● What needs to be done
In the records below, find the line that contains "Rompers are great". Retype that line and all the lines after it through the end, leaving out the pictures.

════════════════

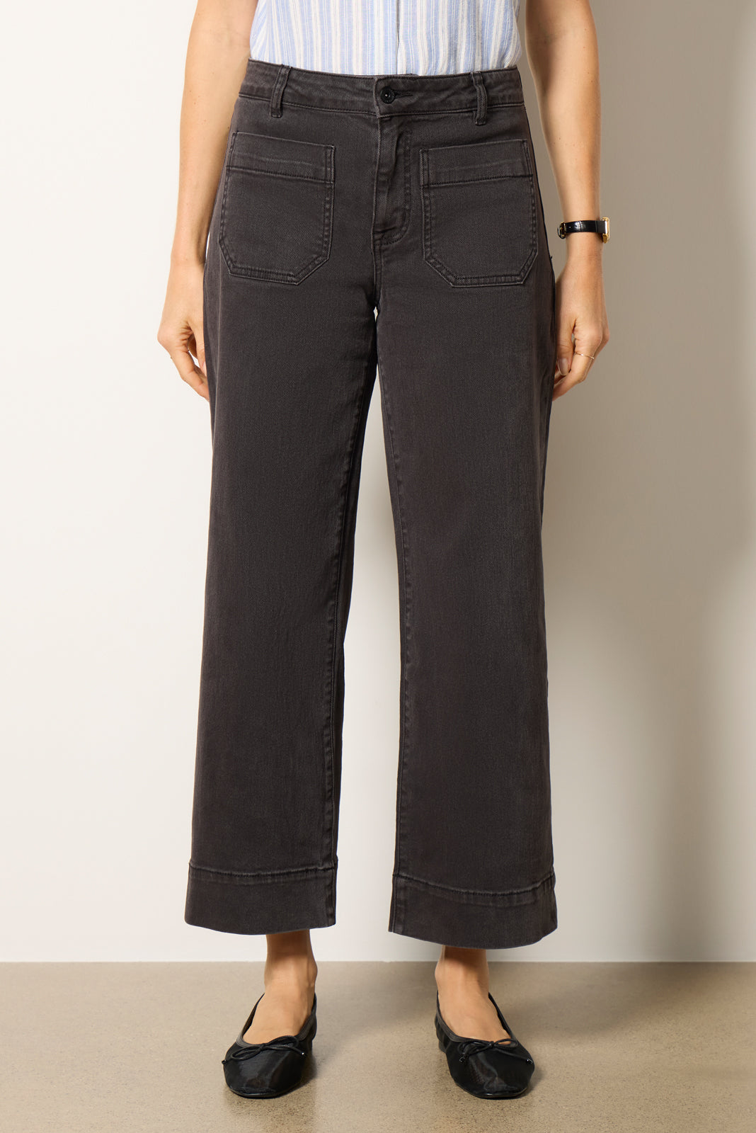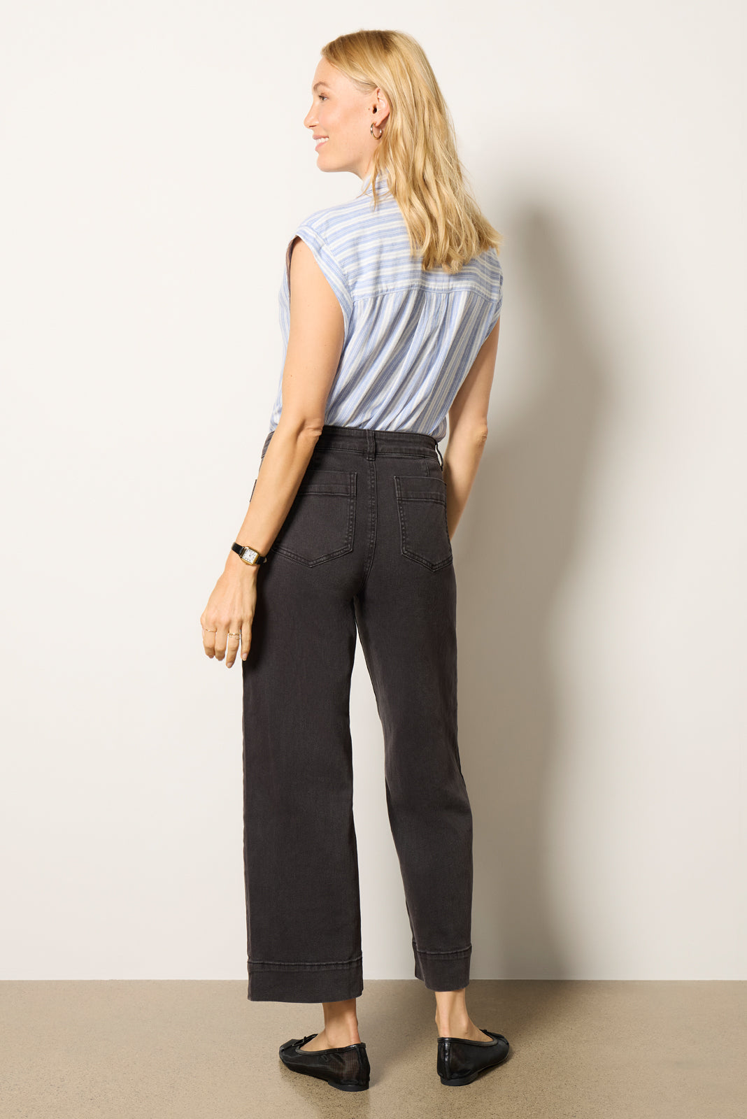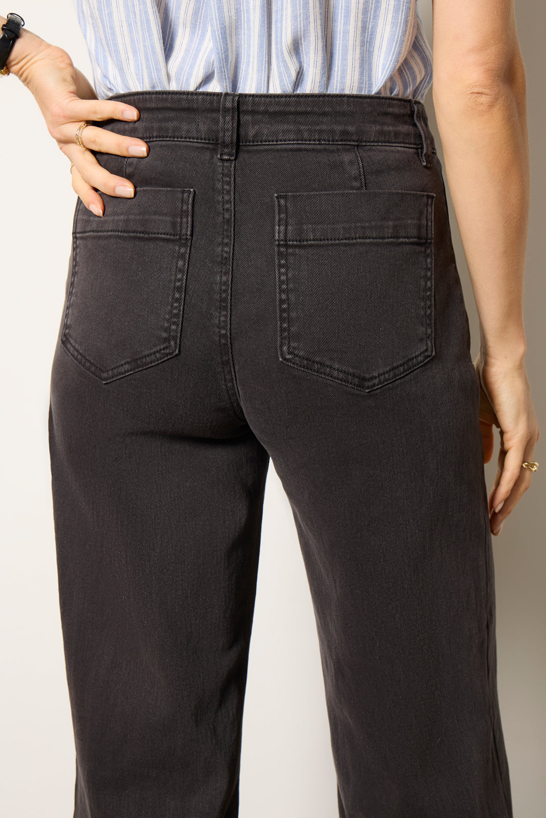 Finished in a versatile black wash. these stylish wide leg jeans by Sanctuary feature a mid-rise silhouette. trouser-style hems. and patch pockets at the front and back. You'll love them paired with everything from tees and tanks to dressy blouses.
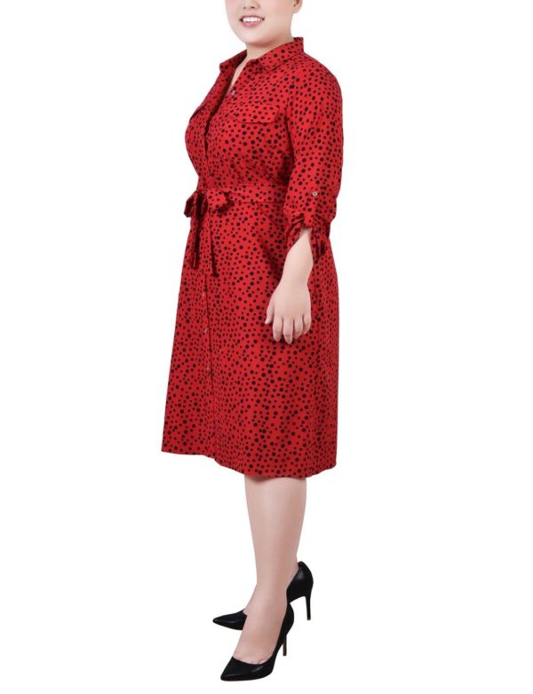You’ll always be in style with this classic shirt-dress with its full button front and self belt.
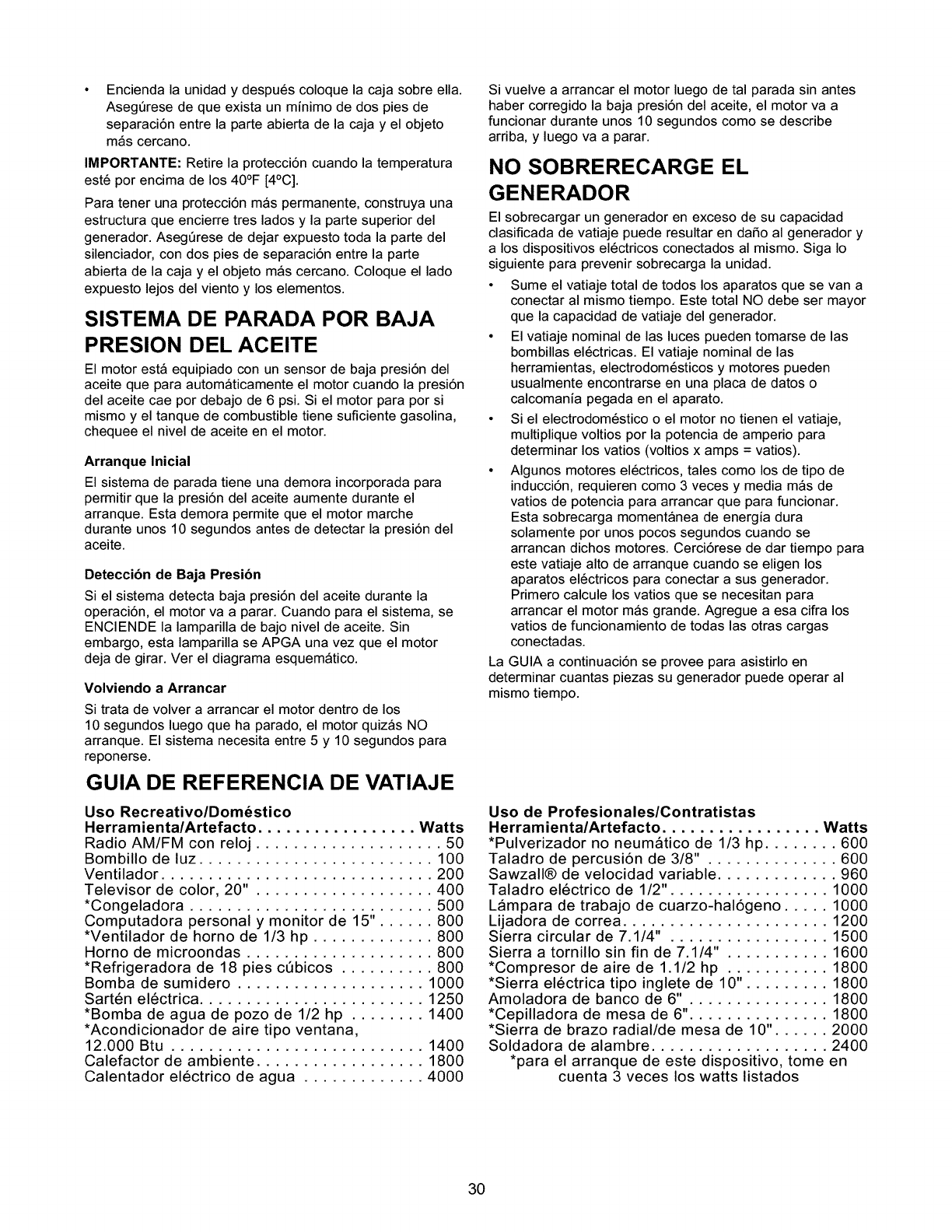 Craftsman 580329130 User Manual GENERATOR Manuals And Guides L0209038
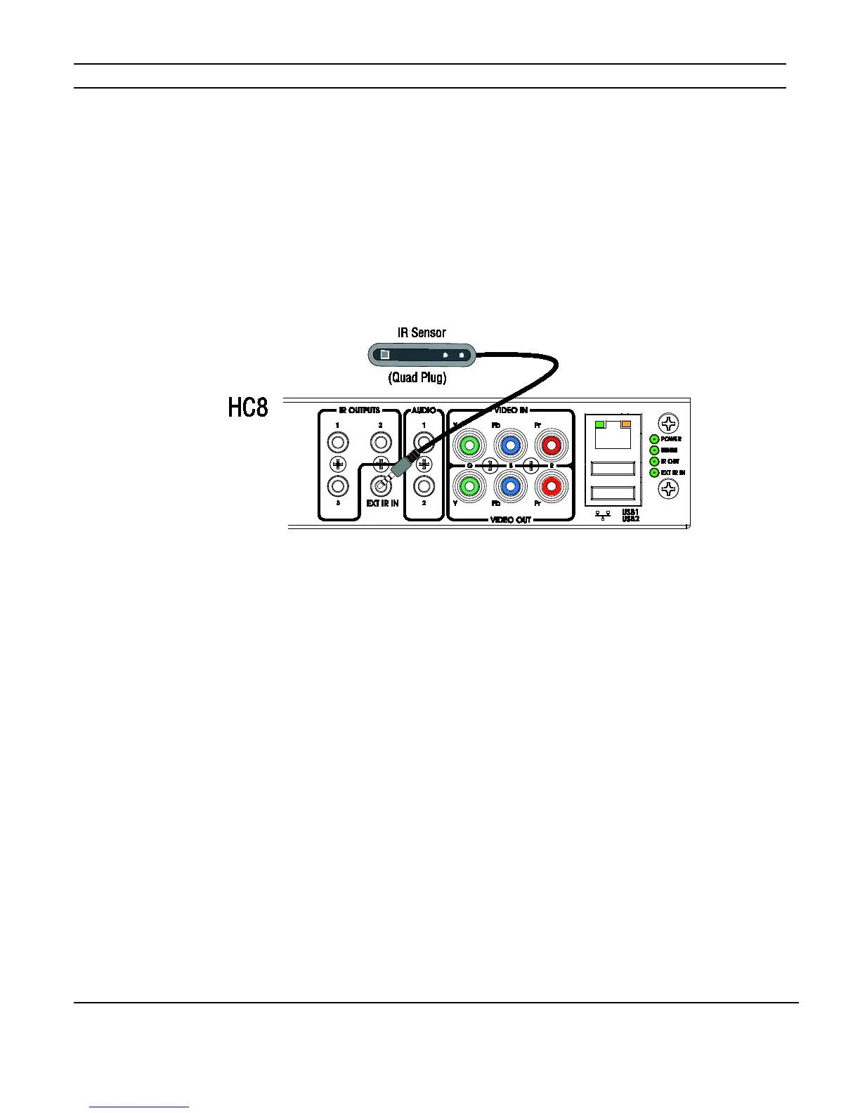 This connection allows the HC4 and HC8 to receive IR input from a Quad plug IR receiver
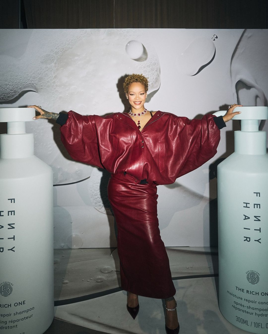 Rihanna Slays Natural Hair & Monochrome Dressy Casual at FENTY HAIR’s Launch Party
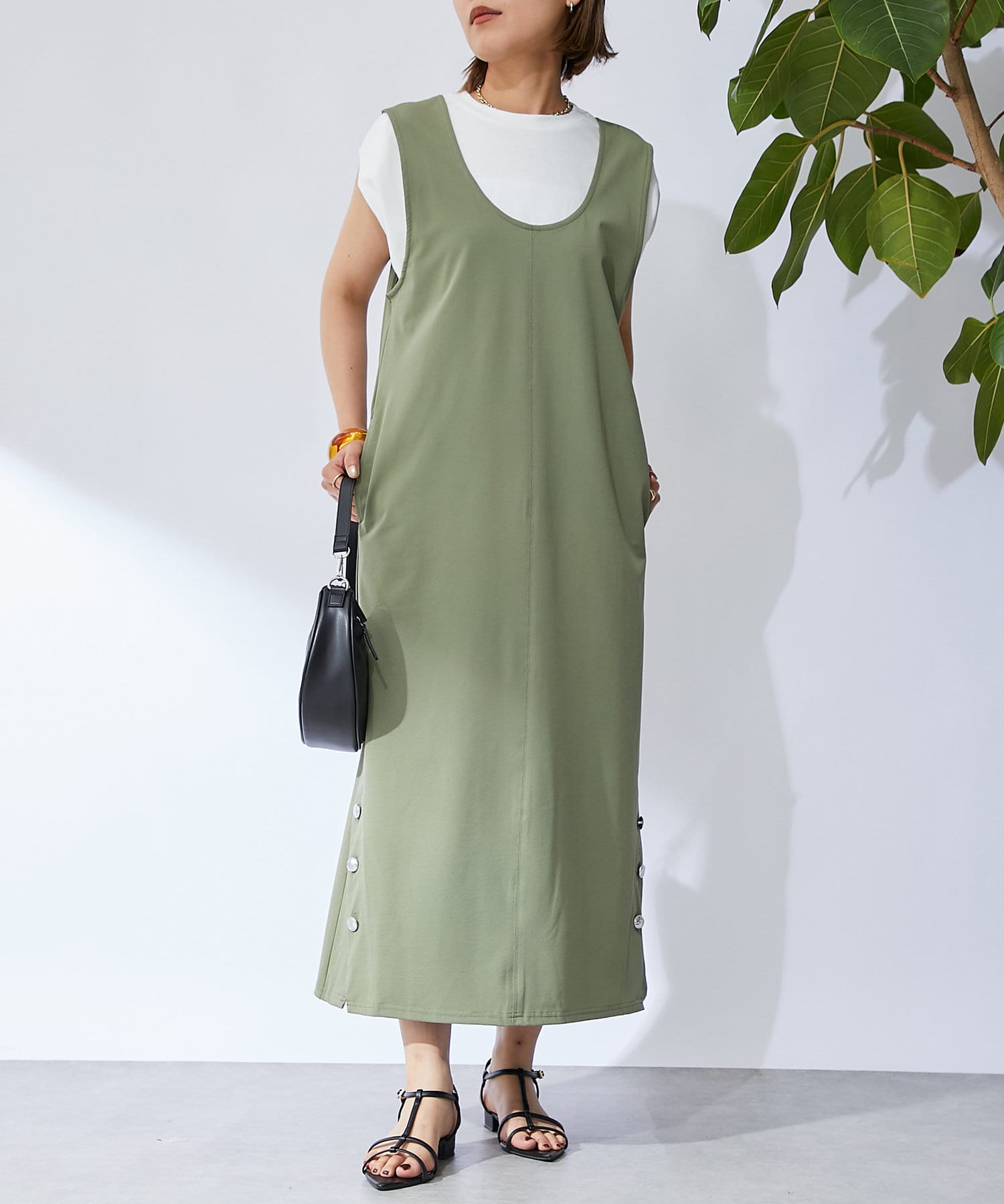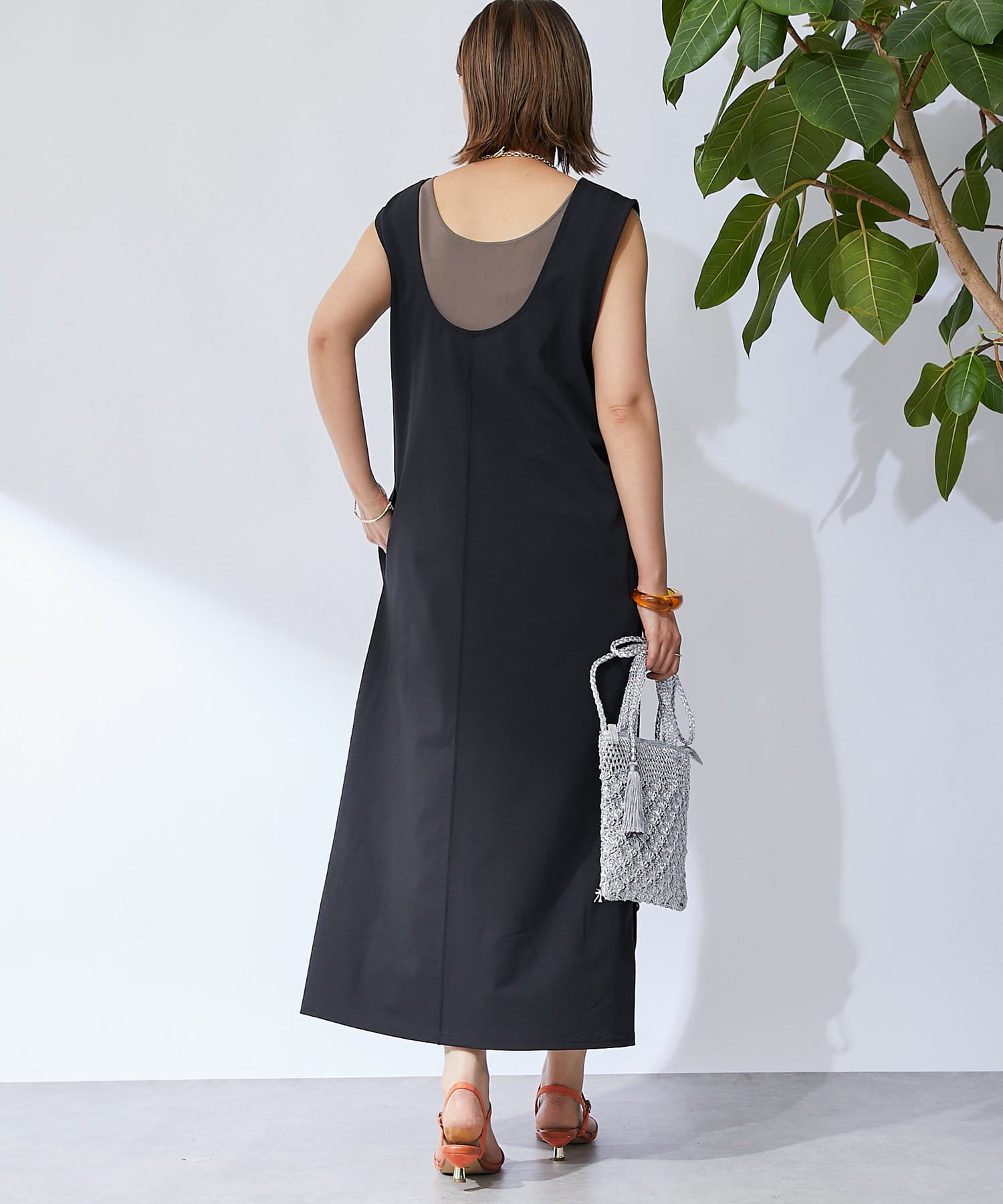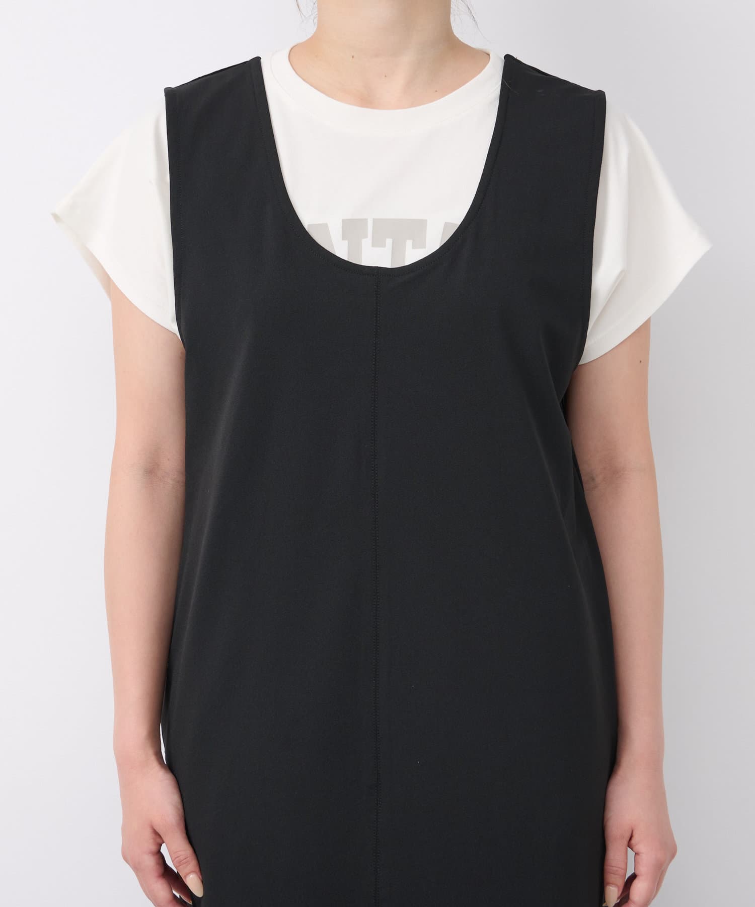 深開的 U 領讓身體線條看起來簡潔時尚。
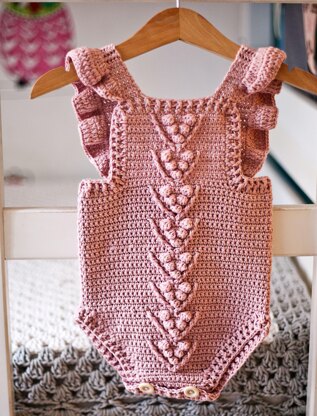 Rompers are great not only for cute photo shoots, but to keep your little one warm and comfy. It can be worn over a long sleeve body. For a tiny newborn you can use smaller crochet hook or lighter yarn, you can make shorter bib or/and shorter straps. If you omit the ruffles it could be perfect for boys too!
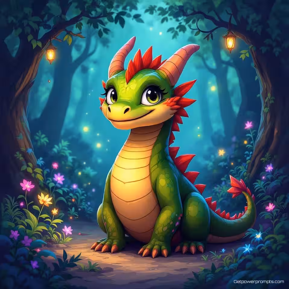 Vriendelijke draak, betoverd bos omgeving, digitale schildering, magische gloed verlichting, magische sfeer, pastelkleuren, gedetailleerd karakterontwerp, speelse elementen, betoverende scène, commerciële fantasy illustratie

════════════════

● Output of the task
 Rompers are great not only for cute photo shoots, but to keep your little one warm and comfy. It can be worn over a long sleeve body. For a tiny newborn you can use smaller crochet hook or lighter yarn, you can make shorter bib or/and shorter straps. If you omit the ruffles it could be perfect for boys too!
 Vriendelijke draak, betoverd bos omgeving, digitale schildering, magische gloed verlichting, magische sfeer, pastelkleuren, gedetailleerd karakterontwerp, speelse elementen, betoverende scène, commerciële fantasy illustratie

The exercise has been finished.